Ein sesshafter Wolf auf der Schwäbischen Alb nur noch Frage der Zeit

So richtig glauben mag Schäfer Stotz nicht, dass der Wolf die Schwäbischen Alb verschont und sich dort nicht niederlässt. Ob er seinen Betrieb mit drei Herden aufrecht erhalten kann, steht in den Sternen.

Das Bild zeigt einen Wolf, der in einem Wildpark hinter einem Baum hervorschaut. Von dem Römersteiner Wolf gibt es nur ein Schwa
Das Bild zeigt einen Wolf, der in einem Wildpark hinter einem Baum hervorschaut.

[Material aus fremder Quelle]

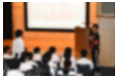
講演後、講師に質問している様子

10月4日（金）、PTA研修イベント委員会主催の今回の講演会は、服部勇馬様を講師にお迎えし、十日町情報館で開催されました。2020年の東京オリンピックに出場された服部様ですが、今回の講演では、長距離選手としての進路選択や苦労されたことなどを中心にお話しいただきました。また、講演会の前後には当校に立ち寄り、生徒とともに給食を食べたり体を動かしたりしていただきました。生徒にとって心に残る一日になりました。

Foto: dpa
Das Bild zeigt einen Wolf, der in einem Wildpark hinter einem Baum hervorschaut.
Foto: dpa

MÜNSINGEN. Der unlängst in Römerstein auf der Schwäbischen Alb gesichtete Wolf kam seiner Schafherde gefährlich nahe. Das gibt Schäfer Christian Stotz zu denken. Bisher war er dankbar für jedes Jahr, wo der Wolf vorbeizieht und sich nicht niederlässt. »Es ist aber nur eine Frage der Zeit. Ich kann mir nur nicht so richtig ausmalen, welche Veränderungen es für uns nach sich zieht, wenn der Wolf sesshaft wird«, sagt Stotz. 13 Betriebe mit Schafhaltung gibt es im Umkreis.

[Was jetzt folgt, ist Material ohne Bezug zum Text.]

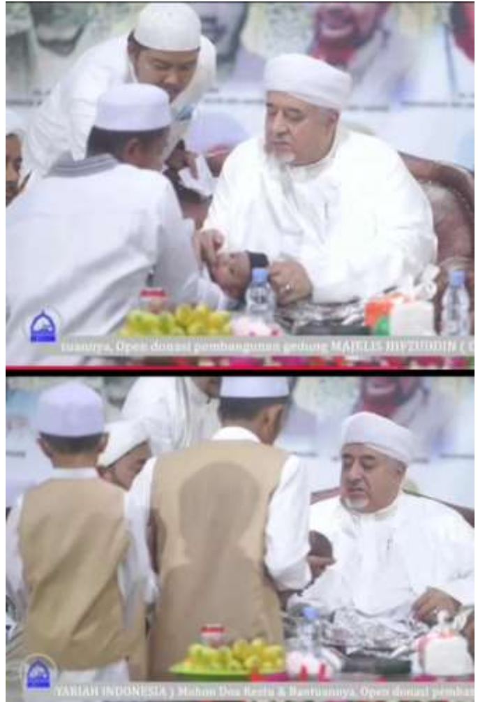
Tasmiyah dan Tahnik bayi

Der 36-Jährige lebt in Münsingen, mitten im Biosphärengebiet Schwäbische Alb. 2.000 Muttertiere nennt er sein Eigen, hinzu kommen zwischen 25 und 30 Böcke. Stotz und Familie leben vom Verkauf lebender Schafe und der Schlachtung von Lämmern. Schlachttag ist immer freitags. Die Ware vertreibt die Familie in Restaurants und Metzgereien. Die ursprünglich reine Wanderschäferei habe sich mit den Jahren gewandelt, sagt Stotz. Im Winter sind die trächtigen oder abgelammten Mutterschafe mit ihrem Nachwuchs im Stall in Münsingen. Eine Herde zieht auf die Winterweide nach Oberschwaben. 

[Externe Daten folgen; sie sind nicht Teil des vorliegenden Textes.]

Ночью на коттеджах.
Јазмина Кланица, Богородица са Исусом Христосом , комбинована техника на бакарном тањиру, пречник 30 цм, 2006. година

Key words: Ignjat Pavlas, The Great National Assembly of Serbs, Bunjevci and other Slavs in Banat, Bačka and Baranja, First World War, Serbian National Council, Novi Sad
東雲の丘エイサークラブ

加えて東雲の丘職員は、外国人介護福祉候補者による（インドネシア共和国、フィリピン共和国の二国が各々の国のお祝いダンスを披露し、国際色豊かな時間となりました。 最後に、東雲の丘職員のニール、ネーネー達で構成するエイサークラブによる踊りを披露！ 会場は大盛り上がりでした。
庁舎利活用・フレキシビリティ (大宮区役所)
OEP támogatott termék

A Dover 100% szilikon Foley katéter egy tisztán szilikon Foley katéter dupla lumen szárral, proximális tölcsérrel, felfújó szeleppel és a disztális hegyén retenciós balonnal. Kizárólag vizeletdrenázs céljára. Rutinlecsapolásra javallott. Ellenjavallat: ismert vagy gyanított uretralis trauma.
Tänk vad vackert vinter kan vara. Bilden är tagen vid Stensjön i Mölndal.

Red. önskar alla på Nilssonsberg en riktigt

Stotzs Tiere sind in drei Herden unterteilt. Deswegen komme für ihn auch kein Herdenschutzhund in Frage. Denn: Durch die Geburten und Kleinlämmer werden die Herden in der Schäferei immer wieder neu zusammengestellt. Ein Herdenschutzhund könne deswegen dort nie die optimale Bindung zu einer bestimmten Herde, dem Schäfer und seinen Hütehunden aufbauen.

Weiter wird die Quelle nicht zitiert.